Loading...

verticapy.vDataFrame.analytic#

vDataFrame.analytic(func: str, columns: str | list[str] | None = None, by: str | list[str] | None = None, order_by: None | str | list[str] | dict = None, name: str | None = None, offset: int = 1, x_smoothing: float = 0.5, add_count: bool = True) vDataFrame#

Adds a new vDataColumn to the vDataFrame by using an advanced analytical function on one or two specific vDataColumns.

Warning

Some analytical functions can make the vDataFrame structure more resource intensive. It is best to check the structure of the vDataFrame with the current_relation method and save it with the to_db method, uisng the parameters inplace = True and relation_type = table.

Parameters#

func: str

Function to apply.

  • aad:

    average absolute deviation

  • beta:

    Beta Coefficient between 2 vDataColumns

  • count:

    number of non-missing elements

  • corr:

    Pearson’s correlation between 2 vDataColumns

  • cov:

    covariance between 2 vDataColumns

  • dense_rank:

    dense rank

  • ema:

    exponential moving average

  • first_value:

    first non null lead

  • iqr:

    interquartile range

  • kurtosis:

    kurtosis

  • jb:

    Jarque-Bera index

  • lead:

    next element

  • lag:

    previous element

  • last_value:

    first non null lag

  • mad:

    median absolute deviation

  • max:

    maximum

  • mean:

    average

  • median :

    median

  • min:

    minimum

  • mode:

    most occurent element

  • q%:

    q quantile (ex: 50% for the median)

  • pct_change:

    ratio between the current value and the previous one

  • percent_rank :

    percent rank

  • prod:

    product

  • range:

    difference between the max and the min

  • rank:

    rank

  • row_number:

    row number

  • sem:

    standard error of the mean

  • skewness:

    skewness

  • sum:

    sum

  • std:

    standard deviation

  • unique:

    cardinality (count distinct)

  • var:

    variance

Other analytical functions could work if they are part of your DB version.

columns: SQLColumns, optional

Input vDataColumns.
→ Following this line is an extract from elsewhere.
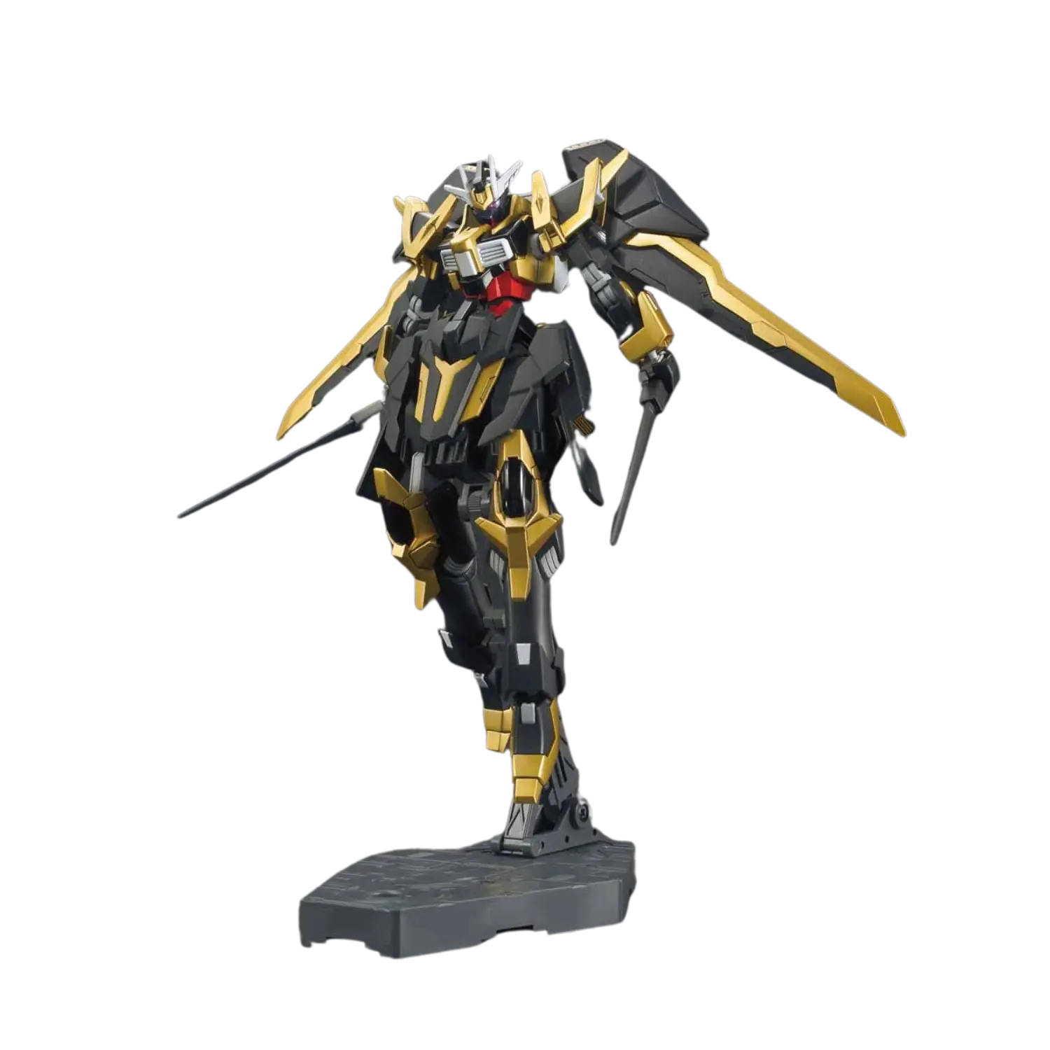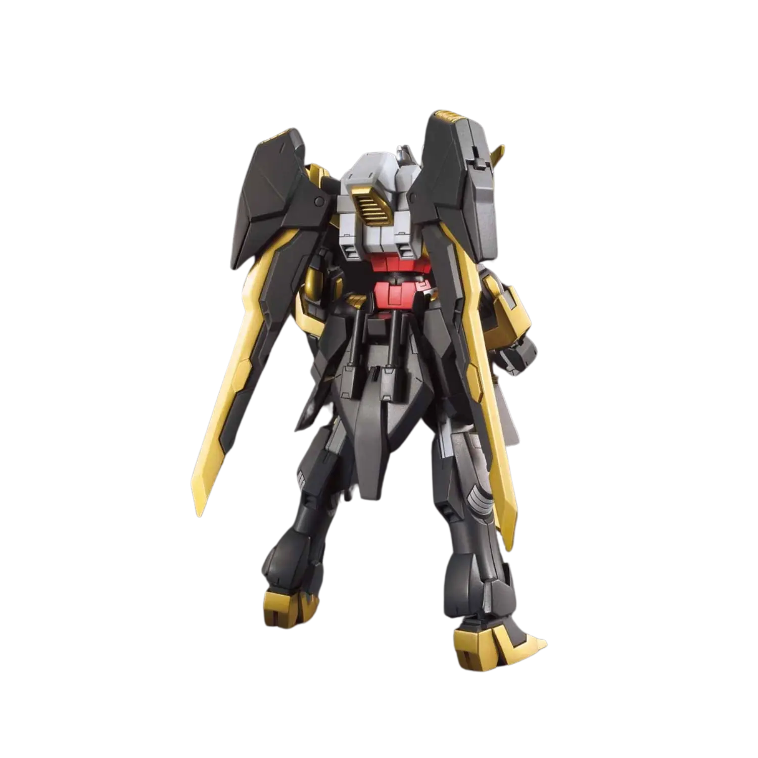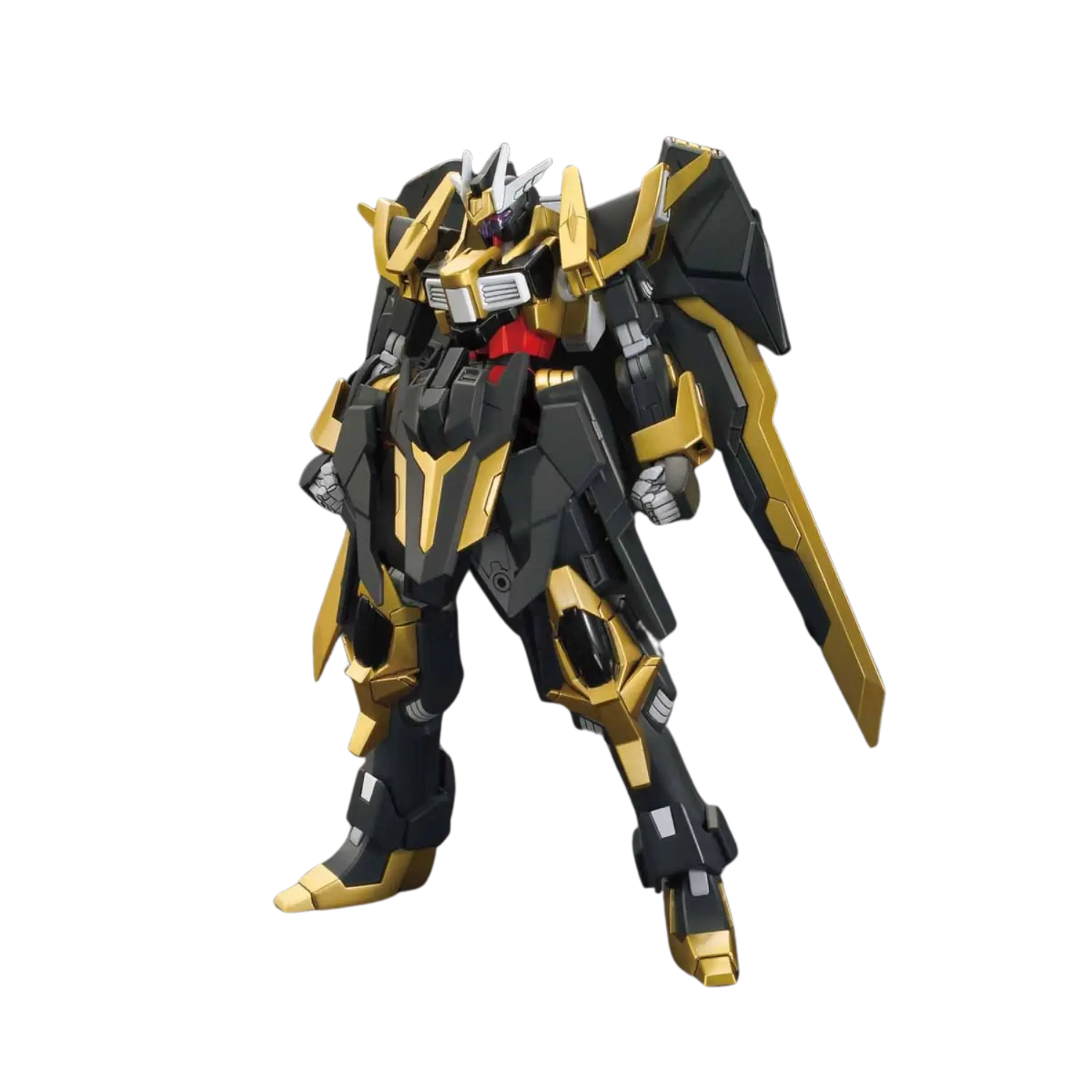 The 1/144 Gundam Schwarzritter from Gundam Build Fighters Amazing Ready joins the High Grade (HGBF) line, featuring a transformable backpack that converts into two powerful sword weapons. This model kit allows for dual-wielding or combining the swords for a single large blade display.

Must be a list of one or two elements.

by: SQLColumns, optional

vDataColumns used in the partition.

order_by: dict / list, optional

Either a list of the vDataColumns used to sort (in ascending order) the data, or a dictionary of vDataColumns and their sorting methods. For example, to sort by “column1” ASC and “column2” DESC, write: {"column1": "asc", "column2": "desc"}

name: str, optional

Name of the new vDataColumn. If empty, a default name based on the other parameters is generated.

offset: int, optional

Lead/Lag offset if parameter func is the function ‘lead’/’lag’.

x_smoothing: float, optional

The smoothing parameter of the ‘ema’ if the function is ‘ema’. It must be a float in the range [0;1].

add_count: bool, optional

If the func is set to mode and this parameter is True, a column with the mode number of occurences is added to the vDataFrame.

Returns#

vDataFrame

self

Examples#

Let’s begin by importing VerticaPy.

import verticapy as vp

Hint

By assigning an alias to verticapy, we mitigate the risk of code collisions with other libraries. This precaution is necessary because verticapy uses commonly known function names like “average” and “median”, which can potentially lead to naming conflicts. The use of an alias ensures that the functions from verticapy are used as intended without interfering with functions from other libraries.

Let us create a dummy dataset with negative values:

vdf = vp.vDataFrame(
    {
        "val" : [0.0, 10, 20],
        "cat": ['a', 'a', 'b'],
    },
)

123
val
Numeric(21)
100%
Abc
cat
Varchar(1)
100%
10.0a
210.0a
320.0b

A max function can be conveniently applied using the analytic function. Below, we can find the maximum value by each category:

vdf.analytic(func = "max", columns = "val", by = "cat")
123
val
Numeric(21)
100%
...
Abc
cat
Varchar(1)
100%
123
max_val_by_cat
Numeric(21)
100%
10.0...a10.0
210.0...a10.0
320.0...b20.0

Note

While the same task can be accomplished using pure SQL (see below), adopting a Pythonic approach can offer greater convenience and help avoid potential syntax errors.

vdf["val_max"] = "MAX(val) OVER (PARTITION BY cat)"

Note

Aggregations such as mode can be challenging to compute using pure SQL. This function is designed to simplify the process.

See also

vDataFrame.apply() : Applies each function of the dictionary to the input vDataColumn.
vDataColumn.apply_fun() : Applies a default function to the vDataColumn.